Cooling a harmonic oscillator by optomechanical modification of its bath

TL;DR

This paper proposes a novel optomechanical cooling method that reduces both the thermal load and enhances the quality factor of a mechanical resonator by dynamically modifying its damping mechanism through optical interactions.

Contribution

It introduces a new cooling scheme that simultaneously lowers temperature and improves quality factor by optomechanically modifying the resonator's damping mechanism.

Findings

The proposed scheme can reduce the effective temperature of the mechanical mode.

It can enhance the mechanical quality factor.

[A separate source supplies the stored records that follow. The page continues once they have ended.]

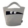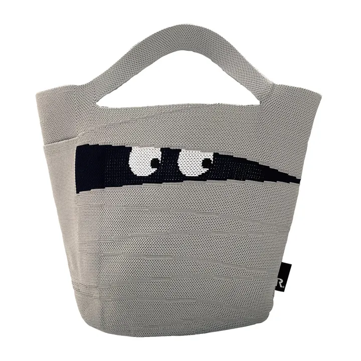お出かけ先ではもちろん!お部屋では収納としても! 四六時中くりくりお目々で、あなたを見守ります。 そっとあなたに寄り添う存在になりたいのです。 ニット工場のサンプル室のハットから着想。 その帽子のようなコロンとしたフォルムが魅力。 ニットなのにしっかりと自立します。 バッグとしても、インテリアとしても。 ざっくりとモノを入れて、バスケットの様に使用ができます。 側面はカンガルーのおなかのポケットのようなルーポケット付き。 ポケット部分は本体と一体で編まれていて、縫い目がないつくり。 ペットボトルからリサイクルした先染めの糸を使用しています。 また、極力縫製の工程を減らすことで環境にもやさしいトートになりました! (先染めの糸は、生地状態での染色より汚染を少なく抑えることができます。)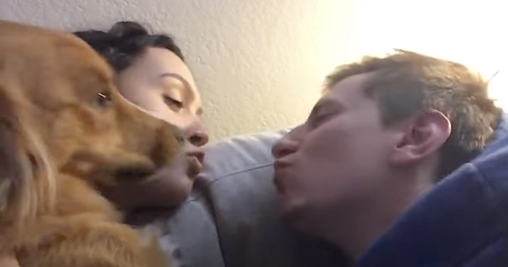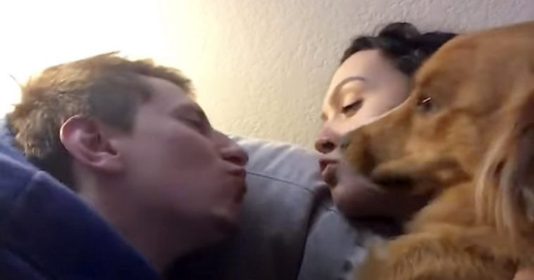 In the video below, Mom and Dad go in for a kiss… but the pooch isn’t having it! The envious boy forces his way in between their faces to get in on it.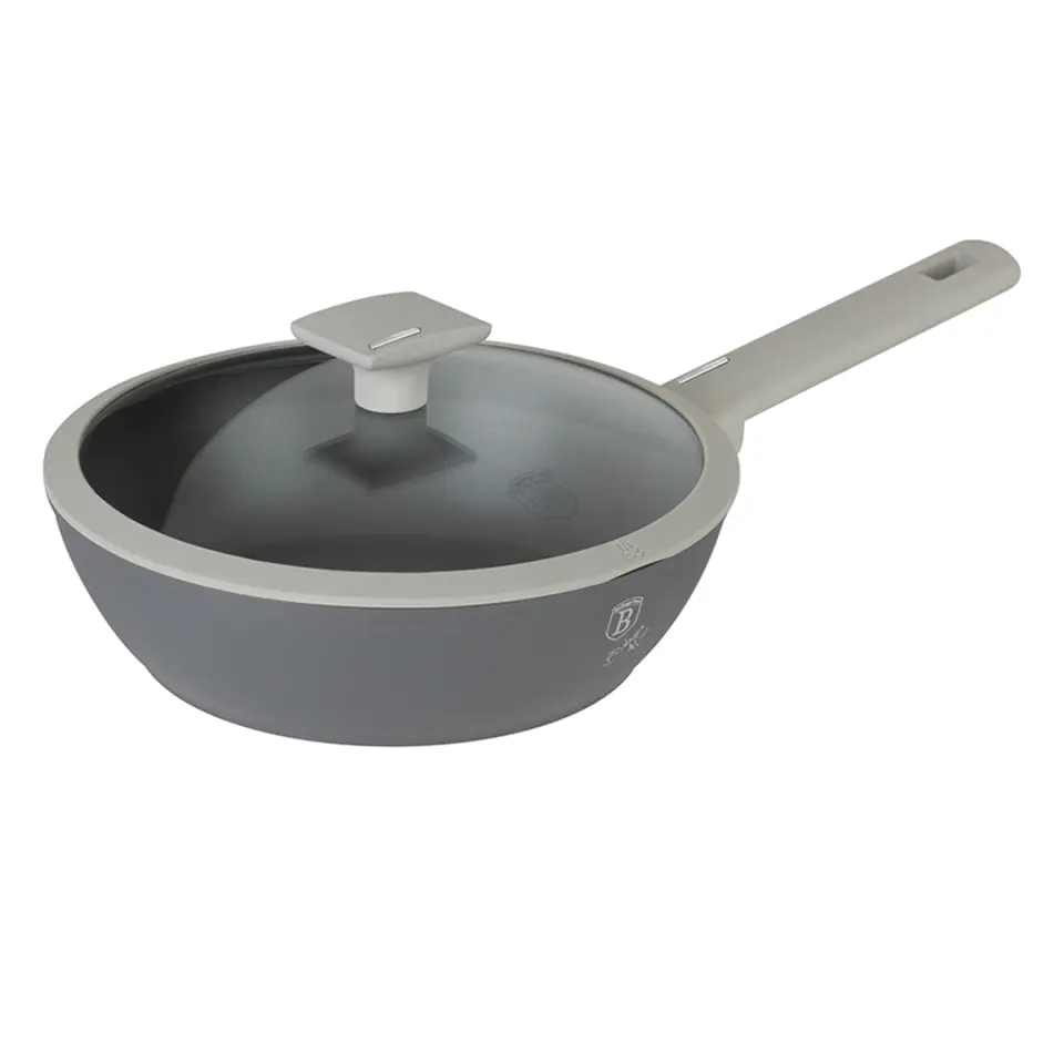 ASPEN cookware from BERLINGER HAUS is made of high-quality cast aluminum coated inside with a titanium coating with a very high hardness factor. Outer shell in gray. These attractive and fashionable dishes are equipped with SOFT TOUCH handles (silicone handle) as standard. Suitable for all types of cookers: gas, electric, ceramic, halogen, induction. The TURBO INDUCTION system (they heat up very quickly) saves up to 35% energy.

A realistic design for implementation is identified.

Abstract

Optomechanical systems show tremendous promise for high sensitivity sensing of forces and modification of mechanical properties via light. For example, similar to neutral atoms and trapped ions, laser cooling of mechanical motion by radiation pressure can take single mechanical modes to their ground state. Conventional optomechanical cooling is able to introduce additional damping channel to mechanical motion, while keeping its thermal noise at the same level, and as a consequence, the effective temperature of the mechanical mode is lowered. However, the ratio of temperature to quality factor remains roughly constant, preventing dramatic advances in quantum sensing using this approach. Here we propose an approach for simultaneously reducing the thermal load on a mechanical resonator while improving its quality factor. In essence, we use the optical interaction to dynamically modify the dominant damping mechanism, providing an optomechanically-induced effect analogous to a phononic band gap. The mechanical mode of interest is assumed to be weakly coupled to its heat bath but strongly coupled to a second mechanical mode, which is cooled by radiation pressure coupling to a red detuned cavity field. We also identify a realistic optomechanical design that has the potential to realize this novel cooling scheme.